• [Available data]
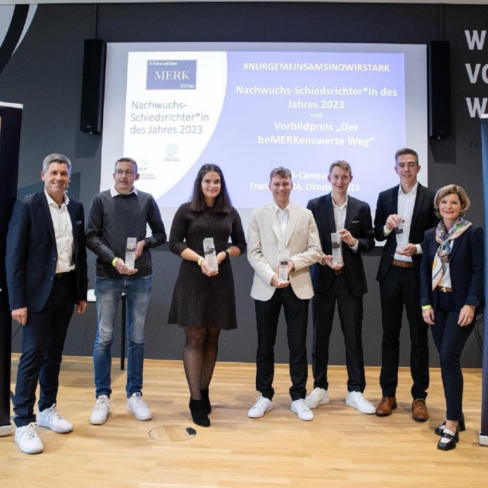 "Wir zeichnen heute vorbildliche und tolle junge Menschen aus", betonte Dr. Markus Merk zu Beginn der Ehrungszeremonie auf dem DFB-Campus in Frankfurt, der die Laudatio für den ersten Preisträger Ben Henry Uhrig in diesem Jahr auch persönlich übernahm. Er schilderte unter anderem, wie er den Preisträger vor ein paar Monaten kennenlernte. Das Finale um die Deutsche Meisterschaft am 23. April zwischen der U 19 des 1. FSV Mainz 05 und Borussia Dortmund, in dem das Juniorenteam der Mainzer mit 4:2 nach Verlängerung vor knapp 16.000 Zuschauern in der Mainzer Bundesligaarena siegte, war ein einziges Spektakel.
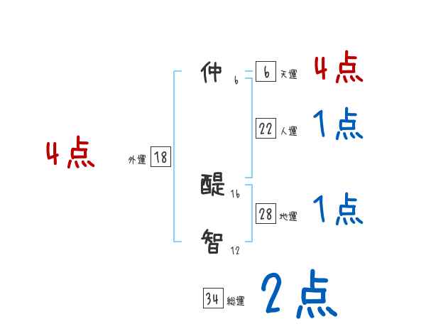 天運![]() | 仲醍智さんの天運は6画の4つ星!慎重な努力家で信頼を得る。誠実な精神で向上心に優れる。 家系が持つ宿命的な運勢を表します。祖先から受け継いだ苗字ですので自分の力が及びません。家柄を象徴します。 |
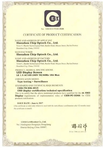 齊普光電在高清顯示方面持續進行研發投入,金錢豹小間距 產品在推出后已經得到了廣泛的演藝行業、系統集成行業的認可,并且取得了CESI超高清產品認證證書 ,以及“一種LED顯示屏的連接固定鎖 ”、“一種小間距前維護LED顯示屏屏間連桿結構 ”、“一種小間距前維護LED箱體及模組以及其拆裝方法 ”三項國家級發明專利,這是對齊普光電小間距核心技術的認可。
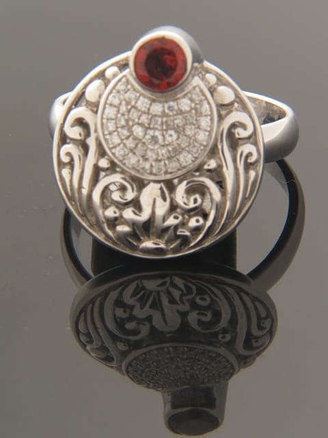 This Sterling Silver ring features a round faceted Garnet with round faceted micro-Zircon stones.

---

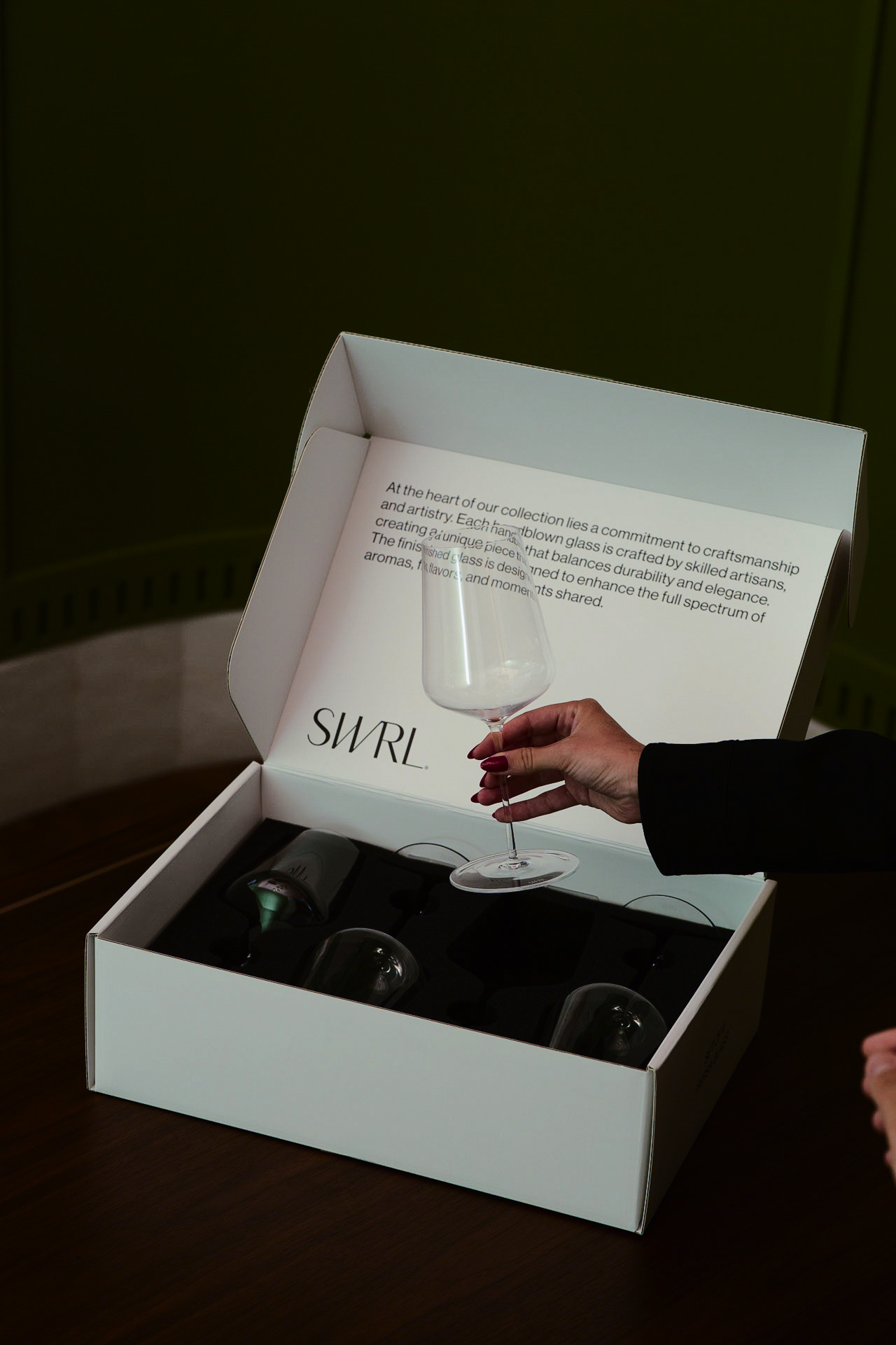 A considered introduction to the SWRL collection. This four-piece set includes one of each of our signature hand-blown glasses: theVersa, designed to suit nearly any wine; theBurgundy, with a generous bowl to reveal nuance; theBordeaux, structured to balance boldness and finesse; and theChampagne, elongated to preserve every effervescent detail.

• [Exercise directions] Copy exactly the lines of the listing above between the one holding "ein einziges Spektakel." and the one holding "This Sterling Silver", inclusive; omit all pictures.

• [Completed task]
 "Wir zeichnen heute vorbildliche und tolle junge Menschen aus", betonte Dr. Markus Merk zu Beginn der Ehrungszeremonie auf dem DFB-Campus in Frankfurt, der die Laudatio für den ersten Preisträger Ben Henry Uhrig in diesem Jahr auch persönlich übernahm. Er schilderte unter anderem, wie er den Preisträger vor ein paar Monaten kennenlernte. Das Finale um die Deutsche Meisterschaft am 23. April zwischen der U 19 des 1. FSV Mainz 05 und Borussia Dortmund, in dem das Juniorenteam der Mainzer mit 4:2 nach Verlängerung vor knapp 16.000 Zuschauern in der Mainzer Bundesligaarena siegte, war ein einziges Spektakel.
 天運![]() | 仲醍智さんの天運は6画の4つ星!慎重な努力家で信頼を得る。誠実な精神で向上心に優れる。 家系が持つ宿命的な運勢を表します。祖先から受け継いだ苗字ですので自分の力が及びません。家柄を象徴します。 |
 齊普光電在高清顯示方面持續進行研發投入,金錢豹小間距 產品在推出后已經得到了廣泛的演藝行業、系統集成行業的認可,并且取得了CESI超高清產品認證證書 ,以及“一種LED顯示屏的連接固定鎖 ”、“一種小間距前維護LED顯示屏屏間連桿結構 ”、“一種小間距前維護LED箱體及模組以及其拆裝方法 ”三項國家級發明專利,這是對齊普光電小間距核心技術的認可。
 This Sterling Silver ring features a round faceted Garnet with round faceted micro-Zircon stones.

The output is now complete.